Bogue de l’an 2000, version 2.0

31 décembre 2023

Cela se passait il y a 23 ans. Une panique mondiale, annoncée depuis plusieurs mois, promettait l’extinction de tous les ordinateurs fonctionnant sous Windows à la première seconde où le calendrier basculerait en l’an 2 000. Les avions en vol risqueraient alors de s’écraser, les radars des navires de croisière s’éteindraient, les banques perdraient l’inventaire de leurs comptes, les guichets automatiques refuseraient de cracher des dollars et les cartes de crédit seraient bloquées. Bref, à côté de cette catastrophe, la disparition des dinosaures revêtait quasiment l’apparence d’un simple fait divers dans l’histoire du monde.

Cette semaine, je n’ai pu m’empêcher de faire un lien entre ce blogue et le pétard mouillé du bogue de l’an 2000. Hier, en fin de journée, après avoir réussi à programmer ce billet pour que vous puissiez le lire ce matin, j’étais vraiment content. Le pire a donc été évité… du moins pour un temps indéterminé.

Par prudence, je vous conseille malgré tout de conserver l’adresse courriel, laquerre@me.com, que je vous avais suggérée en guise de plan B. Elle pourrait devenir précieuse dans l’éventualité où ce site passerait de blogue, à bloqué. Je me croise les doigts pour que cela n’arrive pas.

2023 ne passera pas à l’histoire comme une merveille, du moins dans le monde du caravaning. Aussi, pour vous aider à l’oublier, j’ai pensé y aller d’une nouvelle positive afin de débuter 2024 sur le bon pied.

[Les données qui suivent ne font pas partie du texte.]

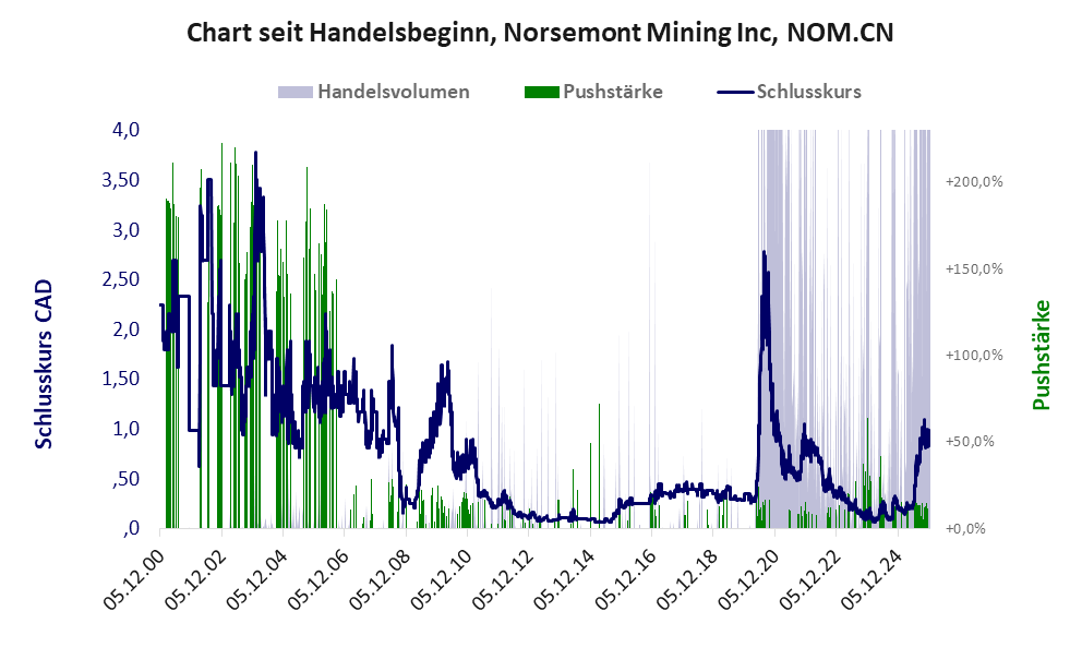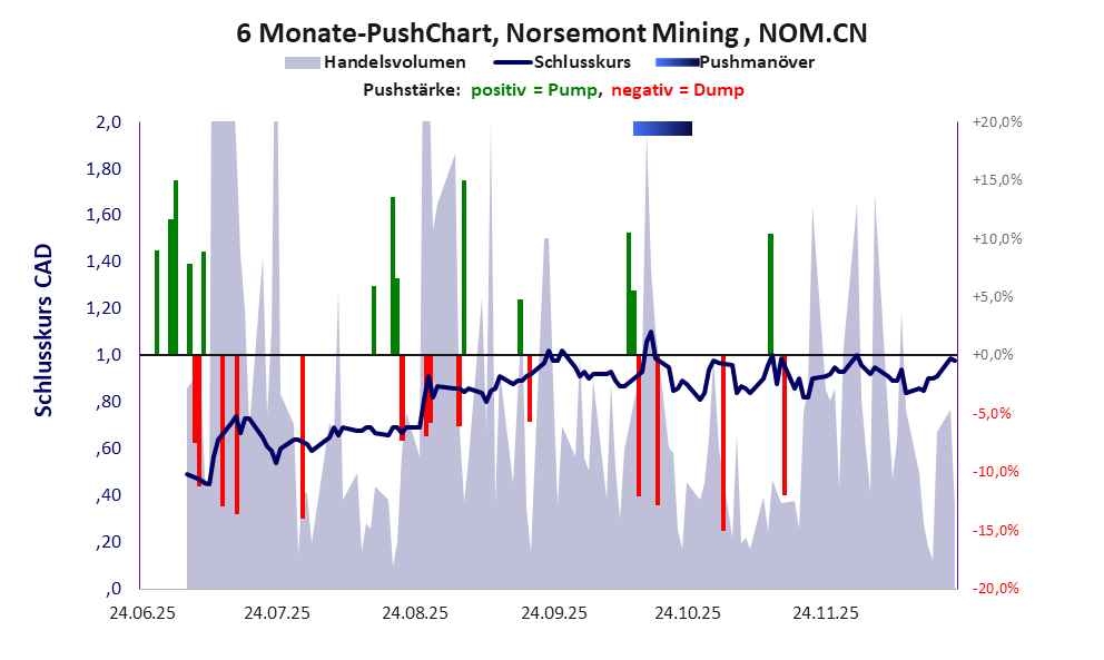 Vorrangiges Ziel scheint der Aktienhandel und nicht die Exploration zu sein. Sehr hohe Pushstärke.
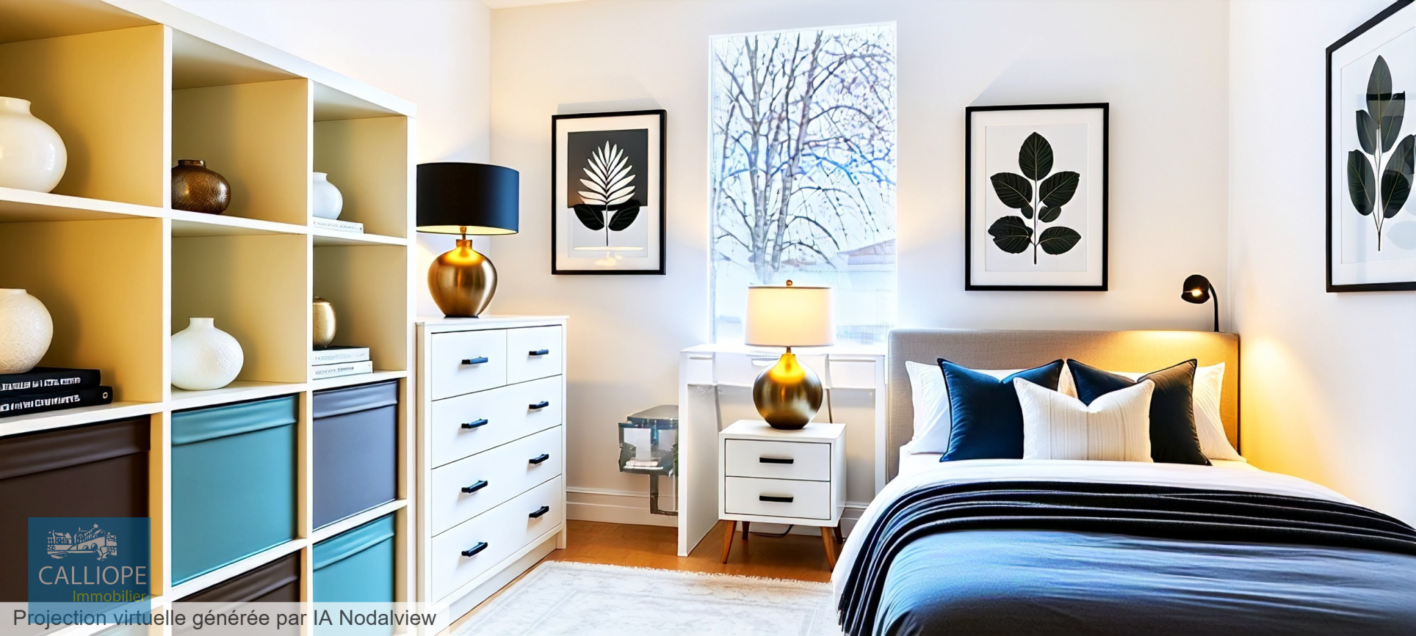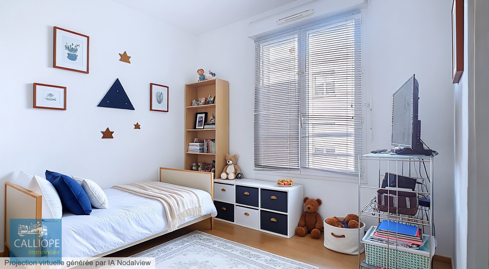 1 entrée avec placard, 1 séjour avec coin cuisine aménagé, 2 chambres de 9.91 m2 et 9.40 m2 avec placards en plus, 1 bureau de 7.84 m2, 1 salle de bains de 3.57 m2, 1 wc. 1 balcon avec vue sur parc de 7 m2.
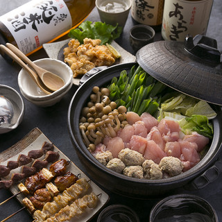 Charcoal-grilled chicken and earthenware pots are the pride of Torito! All-you-can-drink for 90 minutes with “Chicken 5-meat Set”. 6,820yen

Vous le savez, j’aime bien que les choses soient claires et reposent sur des faits vérifiables et vérifiés plutôt que des rumeurs et des ragots. Depuis longtemps, une incertitude tracassait les caravaniers mais aussi d’autres « snowbirds ». L’élément litigieux et ambigu se rapportait à la validité de l’immatriculation d’une voiture ou d’un VR en fonction de la durée des séjours hors Québec. Or voilà, juste avant Noël j’ai obtenu une confirmation énoncée par la SAAQ sur ce point précis.

J’avais souvenance d’avoir déjà lu dans un texte officiel que le certificat d’immatriculation d’un véhicule à moteur possédait une date d’expiration reliée à un séjour prolongé à l’extérieur du pays ou même du Québec. Après six mois hors Québec, il devenait périmé. Une fois de plus, une question demandant de clarifier ce point me fut adressée en décembre.

J’ai donc consulté et relu toute la réglementation touchant au Code de la route québécois, sans parvenir à y trouver une référence à une quelconque date de péremption. Il se peut que ma mémoire ait confondu ou amalgamé deux notions sur le sujet ou encore que la réglementation ait été modifiée comme cela se produit régulièrement ; bref, peu importe.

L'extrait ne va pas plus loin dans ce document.